What else is there to say?
I just want you to go slow.
Slower than that.
Take your time & take time with you.
Your pace is your choice & October will give you plenty of opportunities to remember this. To remember the simple things: your body, your feet, the earth. To recall the soft movements of your most natural self.
What is the opposite of a rush?
(You tell me).
Part of October is a nest. Nestle into every moment you can this month.
Nourish your body: give yourself what you need. More rest, more root vegetables, more scarves, more flexibility in your movement. A walk, a child’s pose, a dandelion root decoction, a wool cardigan that buttons up the middle.
Remember to start with the body first. Heed its calls. You are nothing without your body.

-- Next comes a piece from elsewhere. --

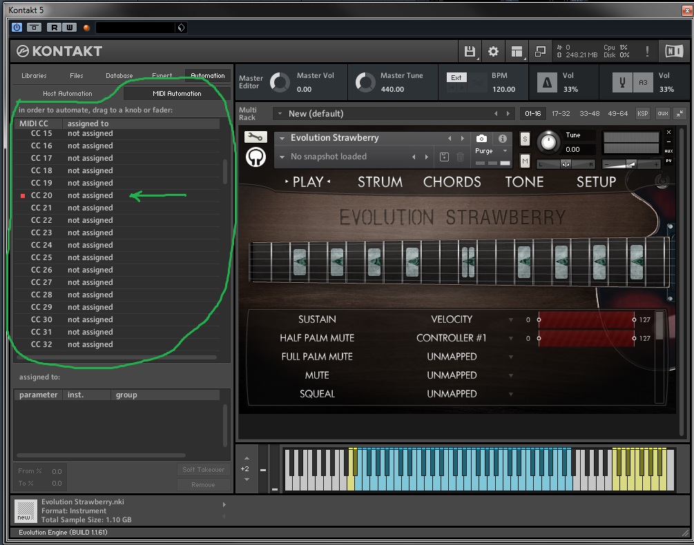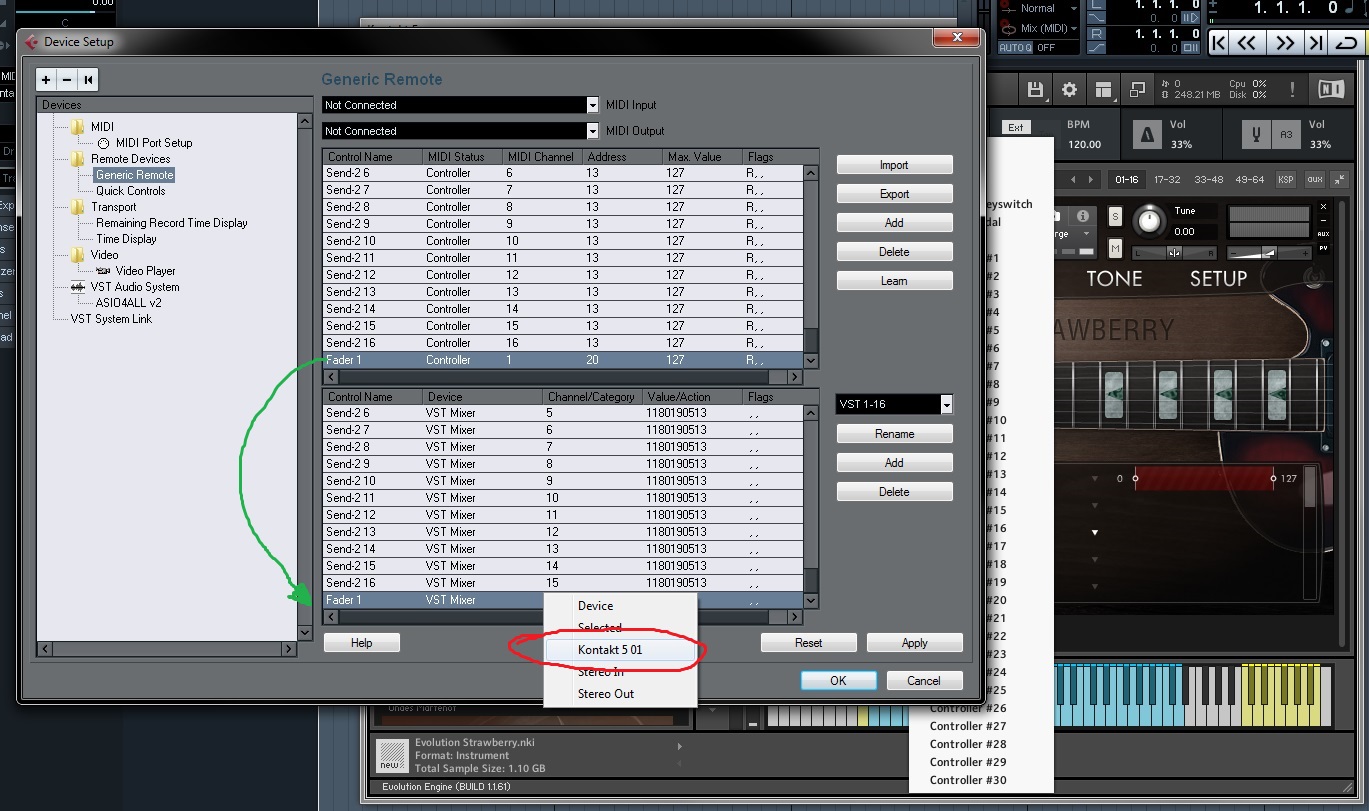 . Но как фейдер на миди клавиатуре приконектить к этому "CONTROLLER#1". Открываю "Generic remote", прослушиваю мой фейдер("Learn"), дальше пытаюсь назначить, вроде как нахожу Kontakt 5 из выпадающего списка

And before it gets too cold where you are. Before that. One last final time of the season, promise me this: you will place your bare feet on the land, on the earth. You will close your eyes. You will feel there is no boundary between the soles of your feet & the palms of the land you are standing upon. You will let the wind greet you here & the sound of a crooning bird. You will breathe in & keep this memory tucked somewhere special in your heart’s mind.
When the month spins & when you lose this thing or that. When October pulls the thread from the sleeve of summer that finally unravels it all. When it sets in the first of the frosts. When it calls on you to move through the dark: the joining together of shadows.
Go slow.
Feel your way through.
What else is there to say but remember: your body, to move slow, when you let your bare feet touch the soft earth.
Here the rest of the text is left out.